The interactive configuration surface in [`src/tui/config_fields.py`](https://github.com/langflow-ai/openrag/blob/main/src/tui/config_fields.py) maps each OpenSearch environment variable to a form field. This allows administrators to set connection details through the TUI rather than editing configuration files directly.

### Key Integration Files

Understanding these source files helps when debugging connection issues:

- **[`src/config/settings.py`](https://github.com/langflow-ai/openrag/blob/main/src/config/settings.py)**: Central definition of all OpenSearch environment variables and the `AsyncOpenSearch` client factory.
- **[`src/utils/opensearch_utils.py`](https://github.com/langflow-ai/openrag/blob/main/src/utils/opensearch_utils.py)**: Health check utilities and cluster readiness polling.
- **[`src/tui/config_fields.py`](https://github.com/langflow-ai/openrag/blob/main/src/tui/config_fields.py)**: Interactive configuration mapping for the TUI.
- **[`flows/components/opensearch_multimodel.py`](https://github.com/langflow-ai/openrag/blob/main/flows/components/opensearch_multimodel.py)**: Flow component that consumes the initialized client to execute vector queries.

## Summary

- OpenRAG reads OpenSearch connection details exclusively from environment variables defined in [`src/config/settings.py`](https://github.com/langflow-ai/openrag/blob/main/src/config/settings.py), with `OPENSEARCH_PASSWORD` being the only required variable that lacks a default value.
- The `AppClients` singleton initializes an `AsyncOpenSearch` client using `AIOHttpConnection` with HTTPS and basic authentication during application startup.
- Cluster health verification occurs through `wait_for_opensearch` in [`src/utils/opensearch_utils.py`](https://github.com/langflow-ai/openrag/blob/main/src/utils/opensearch_utils.py), implementing exponential backoff until the cluster reaches `green` or `yellow` status.
- Configuration supports both file-based `.env` loading and container orchestration via Kubernetes secrets defined in the Helm templates.

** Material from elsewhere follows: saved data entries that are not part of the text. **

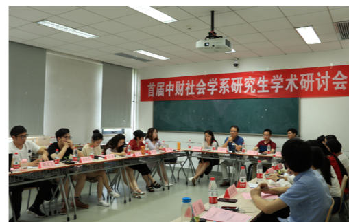
首届中财社会学系研究生学术研讨会

心理学学硕旨在培养能够敏锐洞察和系统探究基础心理学与应用心理学领域前沿学术问题，并将心理学的知识与方法用于理解和解决广泛的经济与社会问题的高级专业人才。
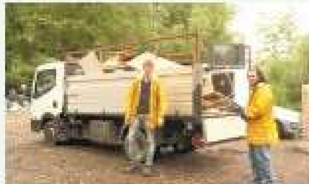
4 Wochen Hochwasserinsatz 2013

Ab Samstag, den 12.4.2014 können Sie Ihre Gemeindefürsöke, Jubesöke, den IGM Servicepass, IGM-Plakette, Bündelanhänger, und vieles mehr im IGM Clubhaus abholen.
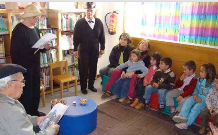
Hora de Conto dramatizada por seniores do Centro Social e Paroquial de St ª . Eulália, na Biblioteca Municipal
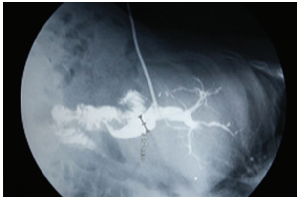
FIGURA 6: COLANGIOGRAFÍA POSTOPERATORIA A TRAVÉS DE TUBO EN T

En la presente serie de casos la resolución laparoscópica se realizó con éxito. En dos casos el tiempo de estadía se prolongó a 7 o 10 días por complicaciones de Fístula. En los otros 7 casos se realizó una colecistectomía laparoscópica, con exploración de la vía biliar común con extracción del parásito y colocación de un tubo en T sin complicaciones con un tiempo de hospitalización en la mayoría de casos de 4 días. La relación de los casos con respecto a sexo fue más prevalente en mujeres con una relación de 8:1.
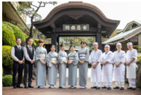
社員と家族の笑顔が生まれる職場づくりを目指す

入社から 3 年毎の節目に、社員・社員ご家族・ご親戚を無料で当館の宿泊に招待するプログラムです。社員・ご家族への感謝の気持ちを形にするとともに、かねてより進めている社員の働きやすい職場環境づくりをさらに前進してまいります。
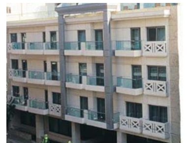
Athènes - Heradion 4* 4 nuits
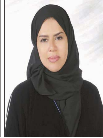
سامية الفوز (الشرق الأوسط)

الرياضية للجامعات السعودية بنظم البطولات ويرشح نخبة منتخب الجامعات والمشاركات السعوديات من الطالبات والطلاب للمشاركة في البطولات الخارجية والدولية، مثل بطولة الكاراتيه للجامعات العالمية التي «مطلنا فيها جامعة الإمام عبد الرحمن بن فيصل وحصلت على الميدالية الذهبية، كما أن جامعة الملك سعود حازت على الميدالية الفضية، وكنا نخطط لبطولة كرة قدم للصالات للطالبات، ولكن لم تتم بسبب عدم جاهزية المنتخب وبعض الجامعات في الصيف الماضي، لذلك نحن نحفز
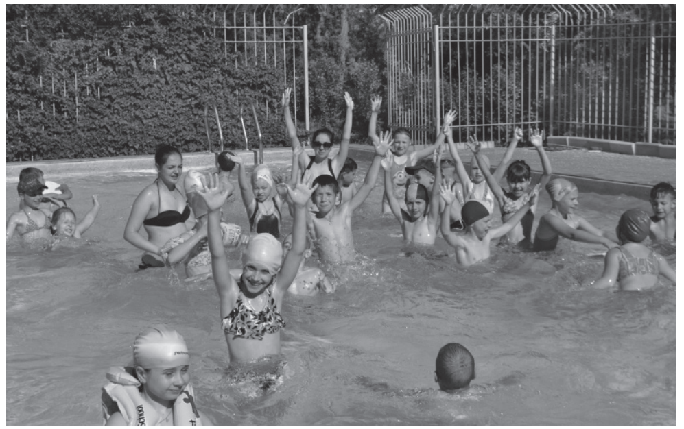
м. Скадовськ «Бригантина»

Контролюйте глобальні речі, залишаючи свободу вибору в деталях. Якщо дитина певний час перебуває вдома сама – проведіть розмову про безпеку від вогню, елек-
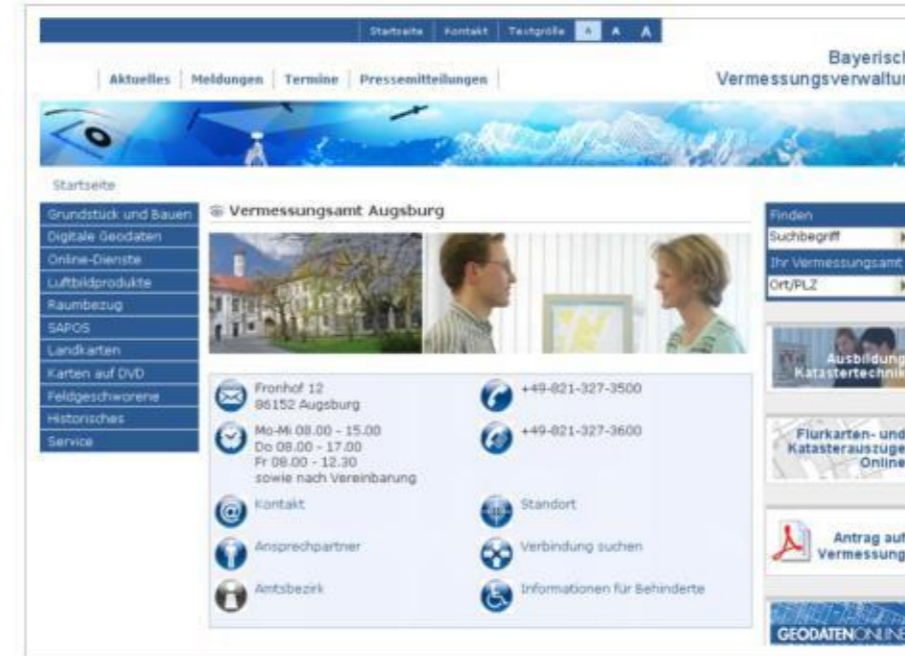
Abbildung: Startseite www.vermessungsamt-augsburg.de

Mit der vollständigen Neugestaltung der Internetpräsenz der Bayerischen Vermessungsverwaltung zeigt sich auch das Vermessungsamt Augsburg in neuem Outfit.
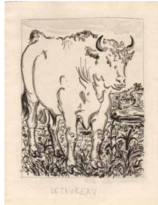
Pablo Picasso, Le taureau , aus Georges Louis Leclerc, „Histoire naturelle“. © Succession Picasso / VG Bild-Kunst, Bonn 2017, Foto: Flo Fetzter

Kosten 1,5 Stunden Führung mit Praxisteil für bis zu 20 Kinder 60 Euro + 2 Euro Eintritt pro Person
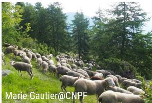
Troupeau dans le mélèzin

Nous pourrons nous regrouper dans les voitures les plus adaptées aux pistes forestières.

## Frequently Asked Questions

### What happens if OPENSEARCH_PASSWORD is not set?

The application will fail to initialize the OpenSearch client because `OPENSEARCH_PASSWORD` defaults to `None` and is passed directly to the `http_auth` tuple. According to the source code in [`src/config/settings.py`](https://github.com/langflow-ai/openrag/blob/main/src/config/settings.py) (line 25), this variable has no default value for security reasons, causing the `AsyncOpenSearch` constructor to raise an authentication error during the `AppClients.initialize` sequence.

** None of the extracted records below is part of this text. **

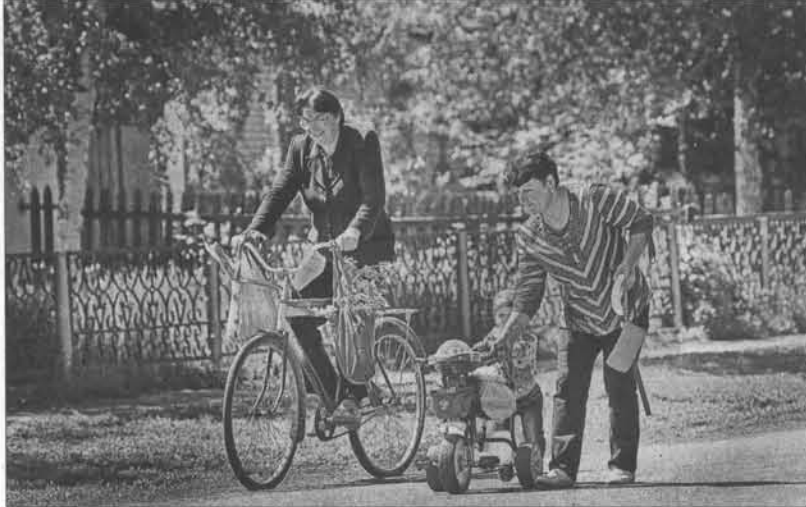
Центральная улица Урлапово носит имя 30-летия Победы.

В ходе рабочей поездки в Шинуровский район губернатор провел совещание по вопросам балансирования местных бюджетов и эффективности расходования бюджетных средств. В совещании участвовали руководители ряда краевых управлений, представители ассоциаций
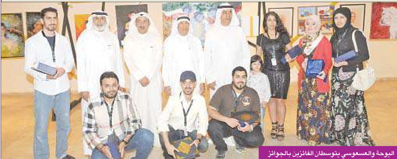
اليوحة والعسوسى يتوسطن الفائزين بالجوائز

تنوعت أعمال الدورة السادسة لمعرض مجموعة سامي محمد للفنون التشكيلية مقدمة أشكالاً فنية معاصرة.
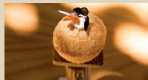
XII DANAKO "BOLUM" Alzukaitz, 1

### Can I use HTTP instead of HTTPS for local development?

The current implementation in [`src/config/settings.py`](https://github.com/langflow-ai/openrag/blob/main/src/config/settings.py) hardcodes `scheme="https"` and `use_ssl=True` during client initialization. To use HTTP, you would need to modify the source code where `self.opensearch` is instantiated (lines 11-20 of the `initialize` method), though this is not recommended as it requires maintaining a fork of the repository.

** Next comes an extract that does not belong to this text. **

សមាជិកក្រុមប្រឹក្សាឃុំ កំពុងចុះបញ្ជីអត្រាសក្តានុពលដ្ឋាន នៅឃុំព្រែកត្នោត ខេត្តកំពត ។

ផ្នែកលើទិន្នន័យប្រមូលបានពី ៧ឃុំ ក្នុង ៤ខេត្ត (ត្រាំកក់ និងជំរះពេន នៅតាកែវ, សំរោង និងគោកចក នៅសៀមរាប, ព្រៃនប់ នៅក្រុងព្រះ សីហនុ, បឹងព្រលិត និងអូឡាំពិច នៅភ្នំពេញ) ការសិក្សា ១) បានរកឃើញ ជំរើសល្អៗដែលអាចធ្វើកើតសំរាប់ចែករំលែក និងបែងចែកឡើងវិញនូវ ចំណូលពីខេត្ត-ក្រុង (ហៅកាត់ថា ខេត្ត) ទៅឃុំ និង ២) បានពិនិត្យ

### Where does OpenRAG store vector embeddings?

Vector embeddings are stored in the index specified by `OPENSEARCH_INDEX_NAME`, which defaults to `openrag-index` if not configured. This index is created automatically during initialization and is referenced by the flow components in [`flows/components/opensearch_multimodel.py`](https://github.com/langflow-ai/openrag/blob/main/flows/components/opensearch_multimodel.py) when executing similarity searches.

### How do I clear the OpenSearch data for a fresh start?

Use the utility script at [`scripts/clear_opensearch_data.py`](https://github.com/langflow-ai/openrag/blob/main/scripts/clear_opensearch_data.py), which references `OPENSEARCH_DATA_PATH` to locate and wipe the local data directory. This script is designed specifically for development environments running the bundled Docker OpenSearch instance, not for production clusters.